AVAILABLE DATA:

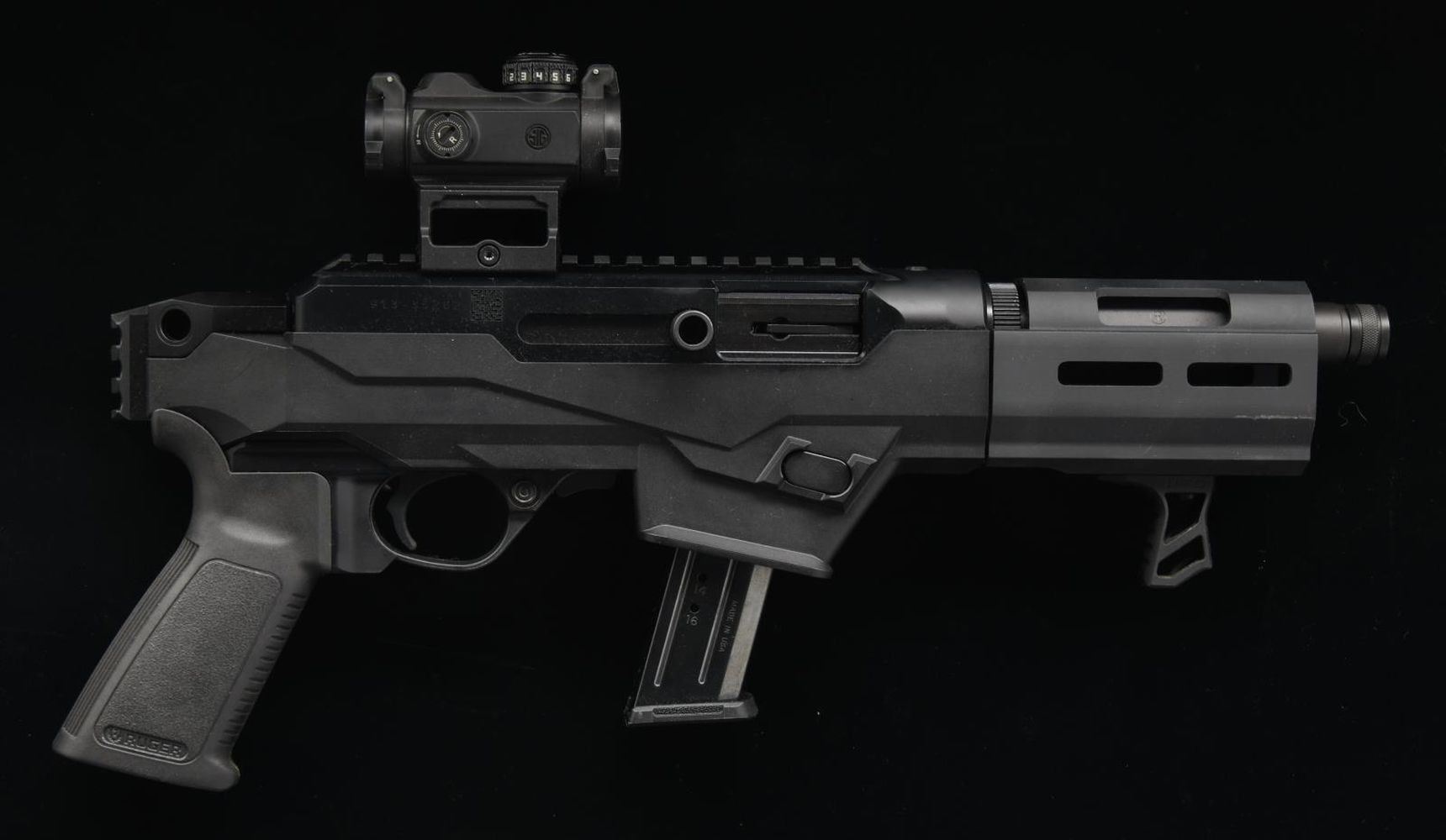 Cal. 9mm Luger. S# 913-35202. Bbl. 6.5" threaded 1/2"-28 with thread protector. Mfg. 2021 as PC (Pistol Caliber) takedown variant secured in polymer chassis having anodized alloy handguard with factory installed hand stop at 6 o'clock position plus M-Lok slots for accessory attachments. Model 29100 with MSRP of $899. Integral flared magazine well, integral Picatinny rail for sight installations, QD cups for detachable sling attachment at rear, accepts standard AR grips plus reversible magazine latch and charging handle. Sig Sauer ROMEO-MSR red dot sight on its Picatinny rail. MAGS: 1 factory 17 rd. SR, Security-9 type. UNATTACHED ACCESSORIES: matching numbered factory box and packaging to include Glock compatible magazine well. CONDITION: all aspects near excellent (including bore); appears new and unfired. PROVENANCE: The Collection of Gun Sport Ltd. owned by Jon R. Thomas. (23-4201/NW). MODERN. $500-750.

==

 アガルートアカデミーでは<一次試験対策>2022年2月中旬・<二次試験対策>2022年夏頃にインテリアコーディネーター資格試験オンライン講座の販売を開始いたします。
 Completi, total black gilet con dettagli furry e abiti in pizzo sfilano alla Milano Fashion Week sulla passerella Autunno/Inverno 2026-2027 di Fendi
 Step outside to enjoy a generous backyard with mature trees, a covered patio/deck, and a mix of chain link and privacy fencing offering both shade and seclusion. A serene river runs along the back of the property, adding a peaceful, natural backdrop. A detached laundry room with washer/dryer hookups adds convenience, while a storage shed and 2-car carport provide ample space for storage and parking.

PROMPT: An exact, complete copy of the lines above from the one with "Completi, total black" through the one with "Step outside to" is the whole answer.

RESULT OF THE EXERCISE:
 Completi, total black gilet con dettagli furry e abiti in pizzo sfilano alla Milano Fashion Week sulla passerella Autunno/Inverno 2026-2027 di Fendi
 Step outside to enjoy a generous backyard with mature trees, a covered patio/deck, and a mix of chain link and privacy fencing offering both shade and seclusion. A serene river runs along the back of the property, adding a peaceful, natural backdrop. A detached laundry room with washer/dryer hookups adds convenience, while a storage shed and 2-car carport provide ample space for storage and parking.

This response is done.